What to work on: Restate word for word the section of the entries that opens at the line containing "The coldest wind" and closes at the line containing "2009年5月30下午、31", both lines kept, pictures dropped.

Source material:
++++

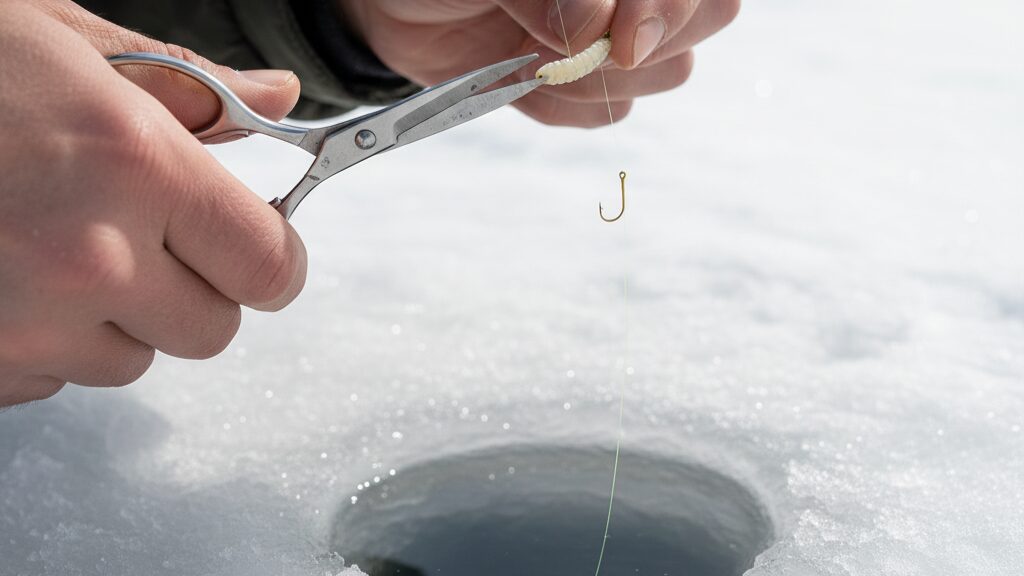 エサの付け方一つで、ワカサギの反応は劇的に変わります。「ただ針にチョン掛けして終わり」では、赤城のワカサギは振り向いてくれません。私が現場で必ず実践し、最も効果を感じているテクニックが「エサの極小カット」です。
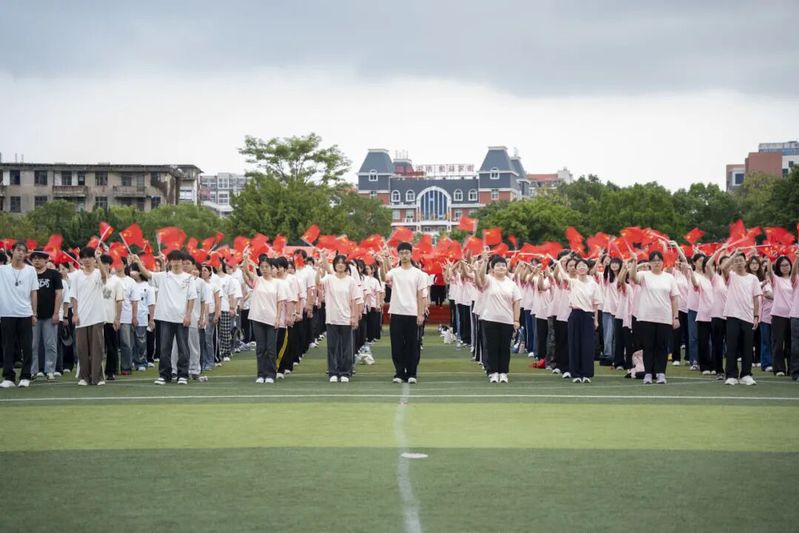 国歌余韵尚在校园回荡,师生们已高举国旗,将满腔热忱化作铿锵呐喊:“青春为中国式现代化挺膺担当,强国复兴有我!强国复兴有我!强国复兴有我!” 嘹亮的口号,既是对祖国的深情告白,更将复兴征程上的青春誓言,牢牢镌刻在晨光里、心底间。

++++

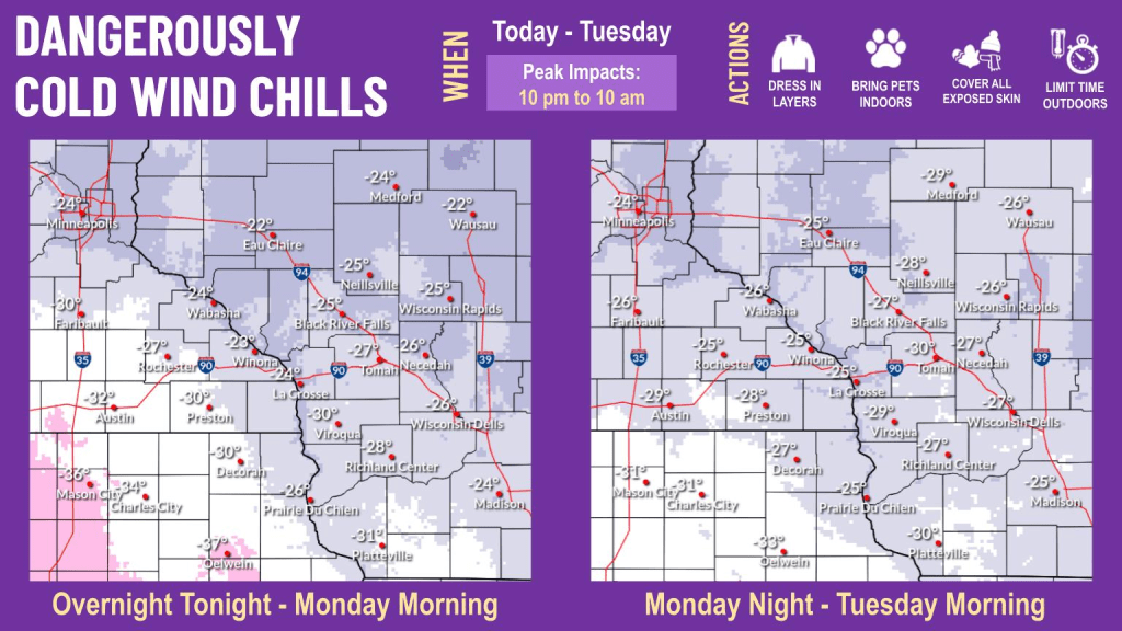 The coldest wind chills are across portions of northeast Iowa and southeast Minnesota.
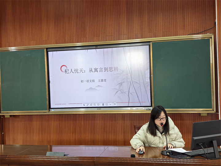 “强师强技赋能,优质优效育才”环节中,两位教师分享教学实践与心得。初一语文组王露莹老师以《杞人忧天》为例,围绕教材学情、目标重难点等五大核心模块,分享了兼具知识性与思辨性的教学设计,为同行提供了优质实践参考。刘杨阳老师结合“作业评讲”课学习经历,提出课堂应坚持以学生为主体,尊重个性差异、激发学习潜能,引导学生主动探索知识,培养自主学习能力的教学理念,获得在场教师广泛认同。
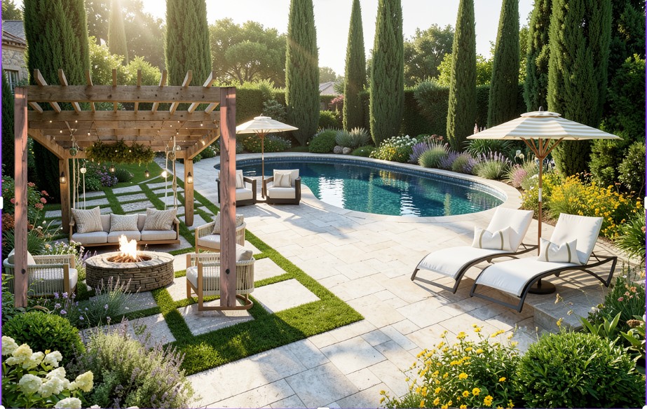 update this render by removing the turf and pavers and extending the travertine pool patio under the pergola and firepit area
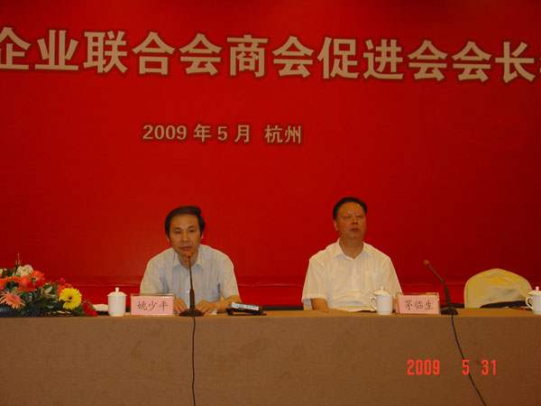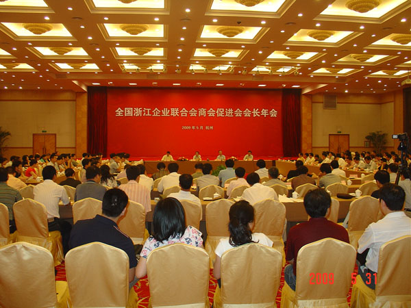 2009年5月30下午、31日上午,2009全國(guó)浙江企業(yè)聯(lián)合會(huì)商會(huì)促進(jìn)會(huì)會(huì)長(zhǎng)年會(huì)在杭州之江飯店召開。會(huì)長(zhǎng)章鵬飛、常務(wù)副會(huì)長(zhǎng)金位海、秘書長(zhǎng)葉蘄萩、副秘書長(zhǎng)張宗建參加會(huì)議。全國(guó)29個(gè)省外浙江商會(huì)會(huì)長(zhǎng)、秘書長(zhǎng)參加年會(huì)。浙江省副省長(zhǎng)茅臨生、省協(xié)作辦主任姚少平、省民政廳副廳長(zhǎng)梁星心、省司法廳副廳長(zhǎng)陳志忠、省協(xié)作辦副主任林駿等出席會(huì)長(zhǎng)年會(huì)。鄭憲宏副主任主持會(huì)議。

++++

Written solution:
 The coldest wind chills are across portions of northeast Iowa and southeast Minnesota.
 “强师强技赋能,优质优效育才”环节中,两位教师分享教学实践与心得。初一语文组王露莹老师以《杞人忧天》为例,围绕教材学情、目标重难点等五大核心模块,分享了兼具知识性与思辨性的教学设计,为同行提供了优质实践参考。刘杨阳老师结合“作业评讲”课学习经历,提出课堂应坚持以学生为主体,尊重个性差异、激发学习潜能,引导学生主动探索知识,培养自主学习能力的教学理念,获得在场教师广泛认同。
 update this render by removing the turf and pavers and extending the travertine pool patio under the pergola and firepit area
 2009年5月30下午、31日上午,2009全國(guó)浙江企業(yè)聯(lián)合會(huì)商會(huì)促進(jìn)會(huì)會(huì)長(zhǎng)年會(huì)在杭州之江飯店召開。會(huì)長(zhǎng)章鵬飛、常務(wù)副會(huì)長(zhǎng)金位海、秘書長(zhǎng)葉蘄萩、副秘書長(zhǎng)張宗建參加會(huì)議。全國(guó)29個(gè)省外浙江商會(huì)會(huì)長(zhǎng)、秘書長(zhǎng)參加年會(huì)。浙江省副省長(zhǎng)茅臨生、省協(xié)作辦主任姚少平、省民政廳副廳長(zhǎng)梁星心、省司法廳副廳長(zhǎng)陳志忠、省協(xié)作辦副主任林駿等出席會(huì)長(zhǎng)年會(huì)。鄭憲宏副主任主持會(huì)議。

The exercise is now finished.